Мне кажется, случилось так потому, что я перестал приходить. Порвал с прошлым, начал новую жизнь и так далее, только вот Страна Полусна не давала мне покоя, меня мучили кошмары, которых становилось все больше, сам я чувствовал себя все хуже, у меня складывалось впечатление, что мои наваждения нарастают, я видел все более странные вещи, а Михал начал что-то умничать на тему жизни после смерти. И тут все и случилось. Проболтался. А перед тем абсолютно никому об этом не говорил. И ему тоже. Иы знали друг друга два десятка с лишним лет, и он знал столько же, что и другие. Что когда-то был в моей жизни шизоидальный эпизод, после чего меня вылечили. Что в случае чего, у меня имеются лекарства, и что я нахожусь под наблюдением. Что-то там он слышал про мои странные сны в детстве или же о предчувствиях, а тут вдруг я рассказал ему про мир Между. О демонах, которых там видел. Об умерших. О том, что мог переводить людей на другую сторону и что брал за это оплату.

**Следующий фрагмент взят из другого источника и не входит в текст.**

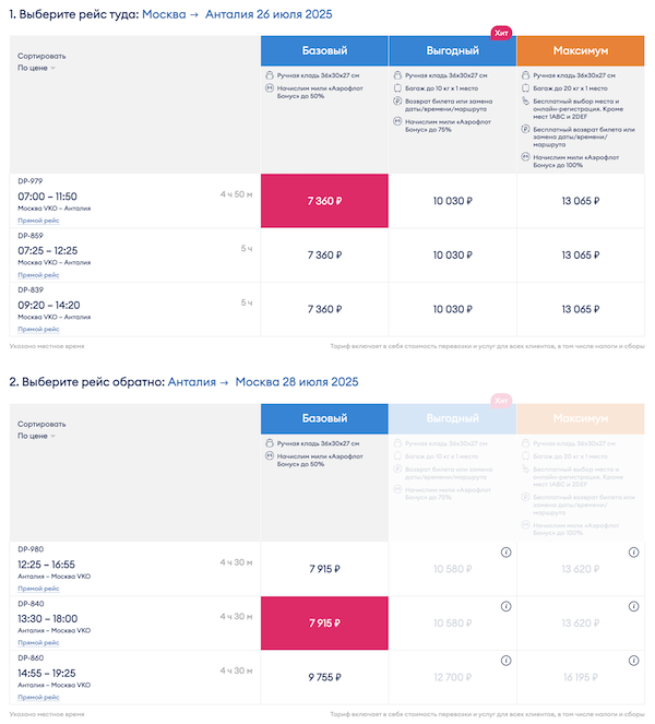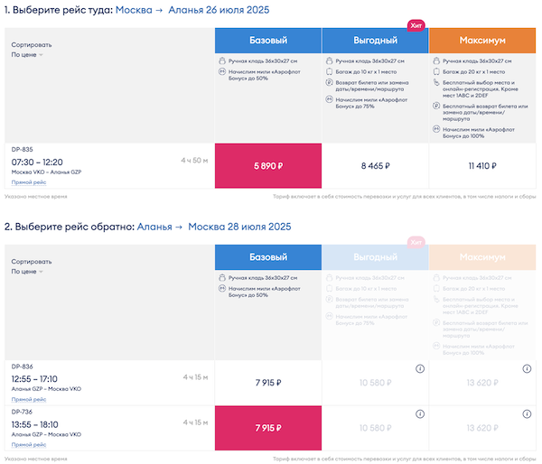 В Аланью: из Москвы утром в субботу (или пятницу), обратно в понедельник

Сотрудничать он отказался.

На некоторые темы с ним просто невозможно было разговаривать, даже теоретически. У него имелись собственные идеи, собственная вера – и конец. Его Бог был, без малого, математикой. Демоны, ангелы и чудеса – это абстракции, возможно, метафоры. Вещи, которые остаются непознаваемыми и закрытыми перед нами. Духи и призраки – это, по его мнению, было нечто из области психиатрии. В том числе и наваждения. Даже чудеса в издании Михала казались какими-то нудными. По его мнению, они заключались в том, что какой-то грешник обратился в истинную веру или пожертвовал собой, либо же почувствовал призвание. Никакой тебе левитации, излечений, кровавых слез или летающих кинжалов. Материальный и духовный мир существовали раздельно. Разделенные непреодолимой границей. Кто утверждал иначе, страдал от fiksum-dyrdum.

вернуться

6

Псалмы, 31:13,14.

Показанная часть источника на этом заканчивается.